Устинов вышел на крыльцо. Утром, в свете ясного солнца, остров казался еще диковинней. Зеленая лужайка в окружении густого ельника, укрытая рябью водная гладь, трель невидимой птицы, безоблачное обморочно голубое небо. Неужели где-то есть пыльный асфальт, зловонные автомобили, толпы взвинченных спешкой людей? Не верилось. Жизнь концентрировалась в тишине и красоте, природе и гармонии. Иного не существовало, иное отсутствовало.
Зачем я поддался? Почему не устоял? Разрушая, светлую благодать, ели-поедом мрачные мысли. Зачем? Почему?
Борис боялся, вдруг ночные страсти станут последней каплей, и пограничное состояние обернется кромешной тьмой? Вдруг он станет причиной Катиного безумия. Избави Боже! Устинов клял себя, неуемную прыть, мужские стати, все на свете.
Мерзавец! Подонок! Животное! Он не удовлетворился одним разом, он терзал ее ночь напролет, словно провел без женщины год или век. Он ввергался в пучины горячие и влажные; стонал от наслаждения; он … от воспоминаний взмокли ладони, шальная волна нового желания пронзила чресла. Катечка! От одного имени наступала эрекция. «На что же я тебя обрек? — думал неотрывно. На что?»
Сон подкрался нежданно. Сумасшедший гон в тысячу километров, советы майора, суета сборов, дорога в заповедник, бессонная ночь — Устинов устал, измучился, обессилел. Укоры совести, неопределенность, страх — кто бы выдержал? Проснулся он от нежных касаний. Ласки вплелись в сон исподволь, исподтишка; соединили мостиком зыбь и реальность; повлекли, поманили за собой, он очнулся возбужденный, взбудораженный.

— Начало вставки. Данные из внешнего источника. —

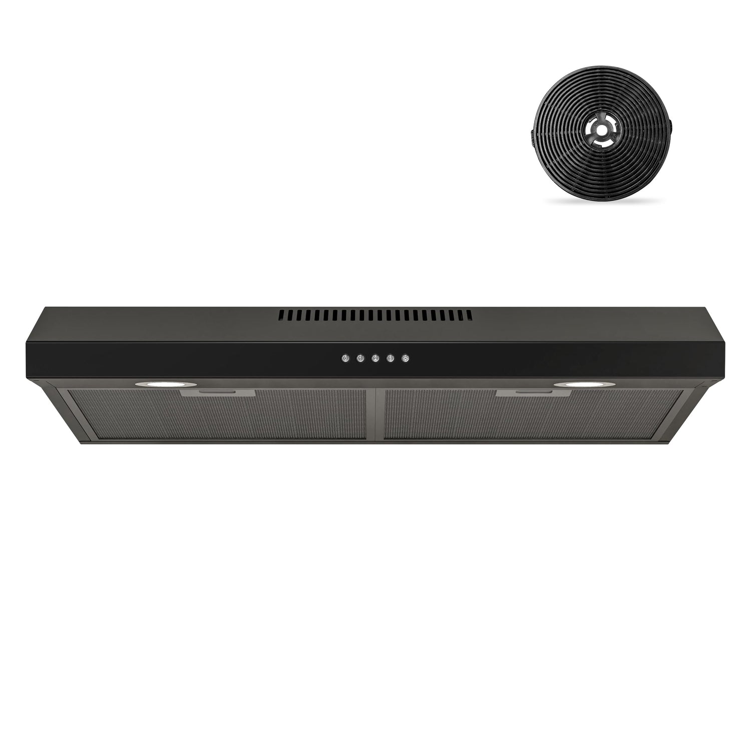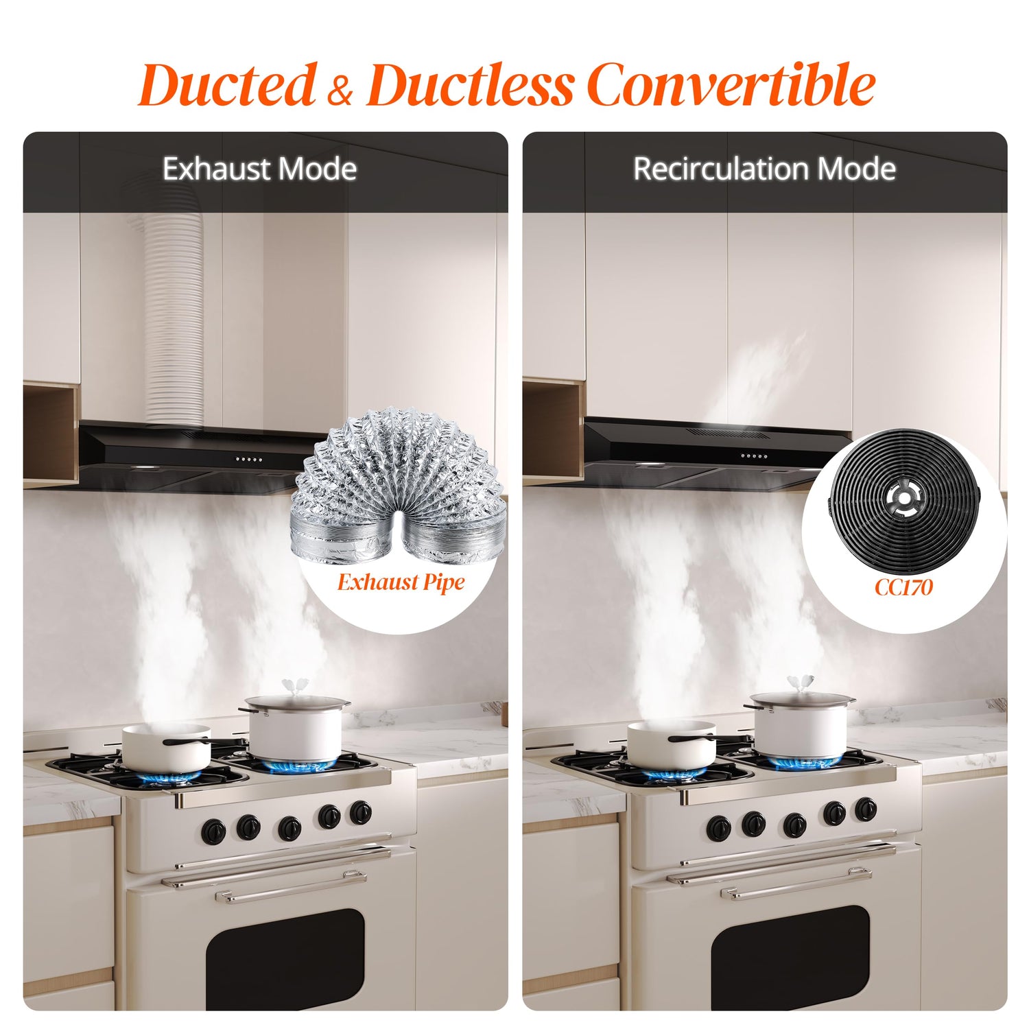 - Efficient Filtration: Designed with 3-layer aluminum filters, this under cabinet range hood 30 inch effectively captures grease and contaminants from the air. The filters are easy to clean and maintain. The vent hood can ducted and ductless convertible, equipped with CC170 carbon filter.
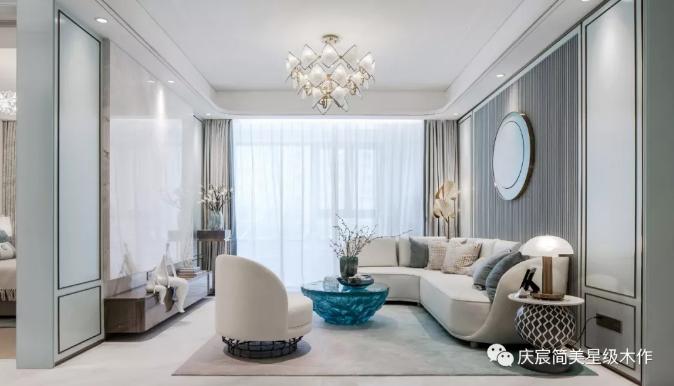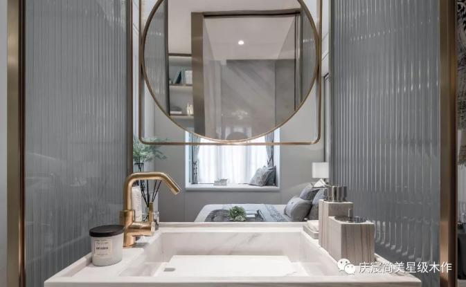 The art that independent wash one's hands face and suspension hang lens, without without highlighting the illicit that custom-makes exclusively to enjoy quality feeling. Art space gives people a beautiful yearning for life. The expectation of future family life makes the whole master bedroom space infiltrate in the happiness like sapphire.

— Милый, — наткнулся на слово-колючку, — милый, я хочу тебя. Иди ко мне.
Катя смотрела на него сияющим шальным взглядом, безумно улыбалась, но …разговаривала.
— Не надо, Катенька, — Борис пытался сохранить хладнокровие.
— Надо, надо…
— Катенька, — он высвободился из цепких рук, — посмотри какая красота кругом.

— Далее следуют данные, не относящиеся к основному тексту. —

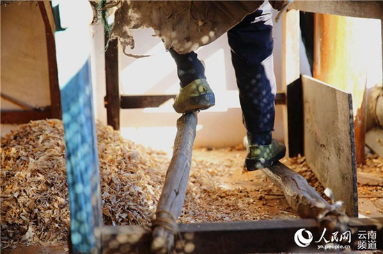 郑映海老人操作机器打磨伞骨 记者薛丹/摄
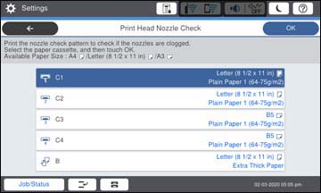 Select the paper cassette you want and select OK. The nozzle pattern prints.
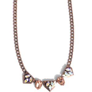 Featuring a chunky copper curb chain, a trio of geometric pendants and oversized peach gem teardrops rest below the neckline. Each copper triangle showcases clusters of marquise-cut iridescent rhinestones that create a striking contrast against the metal. Features an adjustable clasp closure.
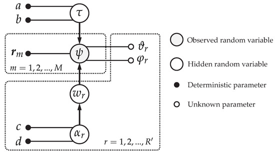where indicates the complex Gaussian distribution and is an identity matrix of size M. A Gamma prior with parameters a and b is considered over in this study for tractable inference of described as follows:
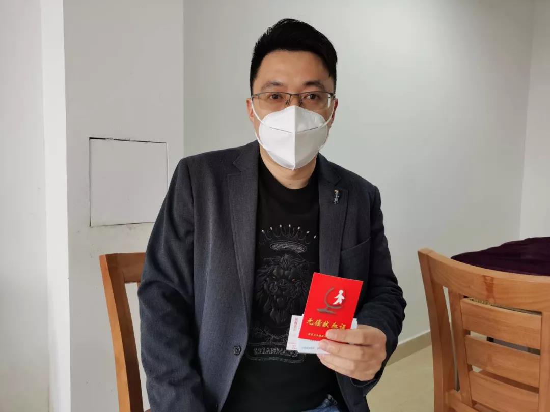 陈金良,贺泓上海金属制品有限公司负责人。会晕针的他每次去医院输液都要纠结很久,但对于此次无偿献血他丝毫没有犹豫,为了能够成功无偿献血已坚持三个星期戒酒和清淡饮食了。他说:“这次新冠肺炎疫情肆虐,医院肯定缺血,所以就特地赶过来献血了。”此次他成功无偿献血400ml,累计无偿献血1000ml。

Она послушно обернулась, глянула мельком, признала «красота» и взялась за прежнее.
— Катенька, не надо…
У нее задрожали губы, повлажнели глаза. Она расстроилась! Она обиделась! Борис, удивленный, обрадованный, отмечал каждое новое достижение. Катя отзывалась на свое имя, она чувствовала, понимала, реагировала.
— Прости меня, — он не знал, как объяснить свою вину. Как рассказать ей, голой, льнущей к нему, про смятение, что испытал на рассвете. — Я не должен был.
Она шарила губами по груди, ластилась как кошка.
— Катечка… — внутри лопнула какая-то пружина, высвобождая горячую слепую энергию. Он не мог больше рассуждать, мучиться, стыдиться. Он подхватил ее на руки, открыл ногой дверь избушки. Во власти желания, добрел до кровати; рухнул, не отпуская Катерину и на секунду из объятий, зарылся губами в жадные губы, втянул ноздрями магический аромат.
Никогда Борис не был так счастлив. Дни и ночи, наполненные любовью, отзывались сладчайшей мелодией в каждой клеточке. Никогда он не был в таком отчаянии. Улучшение, так обнадежившее вначале, носило странный характер. У Кати восстановилась речь, нормальность реакций; вернулось эмоциональное равновесие. Однако, восстановившись и вернувшись, качества не сложились прежним образом, а создали новую личность. Не привычную, отличную от прежней и необыкновенно привлекательную. Обладая этой новой необыкновенной женщиной, Борис зверел от счастья. И ненависти. Он дорвался до сокровенного — до розового Катиного тела и никто, ничто — ни доводы рассудка, ни опасения, ни принципы, не могли помешать ему, осуществить мечту — реализовать главенствующую программу своего мужского бытия — получать удовольствие, наслаждался той, о которой он мечтал долгие годы.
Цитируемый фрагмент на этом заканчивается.